Materials and methods

The butterflies

Our outcrossed stock of B. anynana was founded from over 80 gravid females collected at a single locality in Malawi in 1988. It is maintained at a census size of several hundred adults in each generation. Adults feed on mashed banana and larvae on maize plants.

Butterflies for the following experiments were reared in climate rooms at 27 °C and high humidity. We used only virgin, young butterflies (females 2–4 days old; males 2–7 days – males can live and reproduce for over 100 days but freshly eclosed butterflies do not readily mate). Two pure-breeding mutant lines were also used in experiments on sperm competition. One line is homozygous for the recessive yellow mutant (pupal colour) and the dominant Spotty mutant specifying two additional forewing eyespots (Brakefield & French, 1993). The other line is fixed for the recessive melanine allele yielding dark, ebony-coloured adults (previously unpublished).

Effective population size

Two replicate mating cages (I and II) were used for the Ne experiment. Each cage was a hanging cylinder of black cotton netting (30 cm diameter). Butterflies of each sex from the outcrossed stock were separated at eclosion and marked with individual numbers on their ventral wings. These numbers could be read on butterflies in copula without disturbing them. When sufficient butterflies were available, 54 males and 54 females were released together in each mating cage at lights on day 0. This adult density is typical for our experiments, especially those involving artificial selection. Adult food, but no egg-laying plant, was freely available in each cage. During the periods of light (each 9 h long) in the following 3 days the cages were inspected for new matings at least every 15 min. Under similar conditions, the time spent in copula averaged 31.3 min with a minimum of 15 min (N=111; SD=10.0). Courtship tended to peak towards the beginning and end of each day. Many matings occurred in the first hour of the experiment during which each cage was continuously monitored. Thereafter, notes were kept on those pairings of comparatively long duration.

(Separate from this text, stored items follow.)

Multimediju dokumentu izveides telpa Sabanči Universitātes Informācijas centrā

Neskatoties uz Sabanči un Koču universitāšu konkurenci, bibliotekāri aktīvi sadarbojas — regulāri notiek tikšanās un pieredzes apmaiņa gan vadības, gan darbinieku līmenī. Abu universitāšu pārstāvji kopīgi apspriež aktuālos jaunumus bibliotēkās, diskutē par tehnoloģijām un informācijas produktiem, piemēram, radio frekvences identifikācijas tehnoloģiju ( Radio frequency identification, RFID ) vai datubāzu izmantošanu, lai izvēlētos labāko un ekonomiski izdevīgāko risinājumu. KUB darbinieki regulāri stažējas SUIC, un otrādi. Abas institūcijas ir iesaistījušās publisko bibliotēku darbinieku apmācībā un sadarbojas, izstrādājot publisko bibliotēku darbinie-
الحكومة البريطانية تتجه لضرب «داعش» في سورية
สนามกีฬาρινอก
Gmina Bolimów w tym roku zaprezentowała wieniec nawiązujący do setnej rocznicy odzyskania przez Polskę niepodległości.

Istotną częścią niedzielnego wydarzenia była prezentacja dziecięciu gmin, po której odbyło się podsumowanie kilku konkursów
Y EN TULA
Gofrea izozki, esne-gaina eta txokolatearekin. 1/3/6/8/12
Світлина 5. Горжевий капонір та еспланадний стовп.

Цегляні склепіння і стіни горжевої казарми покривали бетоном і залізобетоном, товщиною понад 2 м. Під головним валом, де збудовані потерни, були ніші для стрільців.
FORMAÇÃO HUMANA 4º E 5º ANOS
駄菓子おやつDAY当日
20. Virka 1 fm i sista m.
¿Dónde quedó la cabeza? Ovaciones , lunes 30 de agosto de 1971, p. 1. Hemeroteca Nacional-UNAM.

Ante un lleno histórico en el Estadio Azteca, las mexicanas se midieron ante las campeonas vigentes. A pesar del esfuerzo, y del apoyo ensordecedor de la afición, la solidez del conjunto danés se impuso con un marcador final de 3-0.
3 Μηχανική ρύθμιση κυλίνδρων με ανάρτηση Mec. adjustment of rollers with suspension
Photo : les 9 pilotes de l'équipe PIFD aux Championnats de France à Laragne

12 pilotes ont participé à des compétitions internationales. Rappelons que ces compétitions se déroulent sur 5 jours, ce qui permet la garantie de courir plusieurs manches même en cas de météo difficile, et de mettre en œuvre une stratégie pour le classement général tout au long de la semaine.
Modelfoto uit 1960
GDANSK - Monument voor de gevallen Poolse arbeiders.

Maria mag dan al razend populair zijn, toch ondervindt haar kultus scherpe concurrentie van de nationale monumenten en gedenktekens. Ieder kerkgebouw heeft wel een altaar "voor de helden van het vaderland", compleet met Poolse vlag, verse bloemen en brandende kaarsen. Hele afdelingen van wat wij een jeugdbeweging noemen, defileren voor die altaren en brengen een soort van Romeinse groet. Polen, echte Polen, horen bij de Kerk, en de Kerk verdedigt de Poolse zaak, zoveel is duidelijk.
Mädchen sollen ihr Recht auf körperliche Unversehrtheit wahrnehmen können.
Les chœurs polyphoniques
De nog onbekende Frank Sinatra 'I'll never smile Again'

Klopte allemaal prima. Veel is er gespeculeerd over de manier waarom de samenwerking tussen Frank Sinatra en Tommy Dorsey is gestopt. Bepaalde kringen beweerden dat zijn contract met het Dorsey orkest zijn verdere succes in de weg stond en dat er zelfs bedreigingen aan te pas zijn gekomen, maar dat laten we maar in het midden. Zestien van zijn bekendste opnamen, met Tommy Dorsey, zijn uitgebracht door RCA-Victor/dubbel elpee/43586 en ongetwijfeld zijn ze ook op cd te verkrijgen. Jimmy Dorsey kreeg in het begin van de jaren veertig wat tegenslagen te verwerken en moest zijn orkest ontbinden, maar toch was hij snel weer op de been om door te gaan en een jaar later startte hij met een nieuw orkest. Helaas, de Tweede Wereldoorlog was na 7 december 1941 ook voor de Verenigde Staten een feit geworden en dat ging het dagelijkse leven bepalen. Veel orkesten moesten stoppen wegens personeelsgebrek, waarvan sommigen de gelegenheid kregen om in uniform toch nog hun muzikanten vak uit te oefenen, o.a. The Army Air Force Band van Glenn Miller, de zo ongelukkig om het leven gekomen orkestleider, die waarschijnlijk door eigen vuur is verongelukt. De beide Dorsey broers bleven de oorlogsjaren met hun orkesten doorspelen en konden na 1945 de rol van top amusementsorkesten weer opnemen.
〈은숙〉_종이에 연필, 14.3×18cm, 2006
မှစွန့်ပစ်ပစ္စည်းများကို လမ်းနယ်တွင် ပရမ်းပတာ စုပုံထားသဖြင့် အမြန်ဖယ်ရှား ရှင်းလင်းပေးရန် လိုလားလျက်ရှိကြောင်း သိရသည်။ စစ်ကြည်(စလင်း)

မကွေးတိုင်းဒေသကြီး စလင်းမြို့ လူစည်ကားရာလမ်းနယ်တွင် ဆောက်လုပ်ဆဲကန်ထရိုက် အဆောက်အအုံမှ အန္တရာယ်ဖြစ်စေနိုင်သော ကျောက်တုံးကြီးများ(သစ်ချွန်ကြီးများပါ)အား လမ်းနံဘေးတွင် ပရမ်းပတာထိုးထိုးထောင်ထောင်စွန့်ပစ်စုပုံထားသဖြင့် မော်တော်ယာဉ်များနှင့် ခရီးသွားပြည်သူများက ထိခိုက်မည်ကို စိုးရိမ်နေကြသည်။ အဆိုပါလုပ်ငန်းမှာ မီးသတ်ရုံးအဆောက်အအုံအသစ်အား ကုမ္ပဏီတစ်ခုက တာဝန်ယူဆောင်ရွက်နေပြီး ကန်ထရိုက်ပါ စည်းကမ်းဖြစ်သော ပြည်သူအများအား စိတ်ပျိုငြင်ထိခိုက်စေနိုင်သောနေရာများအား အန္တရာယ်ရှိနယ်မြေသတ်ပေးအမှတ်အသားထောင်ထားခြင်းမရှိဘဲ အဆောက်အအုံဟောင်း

Males were removed from the two cages at the end of day 3. After one further day, all females were placed individually in egg-laying pots containing adult food and a grass cutting for oviposition (males were stored at – 80 °C). Eggs laid over the next 3 days were allowed to hatch after removal and storage of the female parent. Larvae were then counted on day 12 to yield estimates of progeny number. Any infertile or unhatched eggs were thus excluded from estimates of Ne.

In an additional experiment, the number of eggs an individual female lays during her first 3 days of oviposition was found to be well correlated to her lifetime egg production (Fig. 1a; the comparable correlation coefficient based on numbers of hatching larvae for the same set of 19 females was 0.80). On average, a female lays 29% of her total eggs over the first 3 days of oviposition. Furthermore, observations from another experiment in which families were raised in separate cages (excluding very high larval densities), indicate that numbers of hatching larvae are highly correlated with those of eclosing adults (Fig. 1b). These additional data sets demonstrate that our experimental data for early, partial fecundity of individuals in the parental generation provide good predictions of their lifetime reproductive success under our laboratory conditions.

Figure . 1.

(a) The relationship between the number of eggs laid by individual females of Bicyclus anynana over the first 3 days of oviposition and the total number of eggs laid during their lifetime. Mating and oviposition were carried out as in the main experiments. The correlation coefficient is 0.82. (b) The relationship between number of hatching larvae and individuals surviving to pupation for 56 families from the outcrossed stock. Eggs were laid over a single period of 12 h and larvae were reared in individual sleeves at 27 °C. The linear regression line equation is: Y=0.475 + 0.843X with a correlation coefficient of 0.98.

Patterns of paternity and sperm precedence

Initial observations on sperm precedence were made by rearing offspring from females in the Ne experiment which had mated more than once. The adult offspring together with female parent and her mating partners were analysed by cellulose–acetate gel electrophoresis to survey seven polymorphic enzyme markers (see Saccheri, 1995).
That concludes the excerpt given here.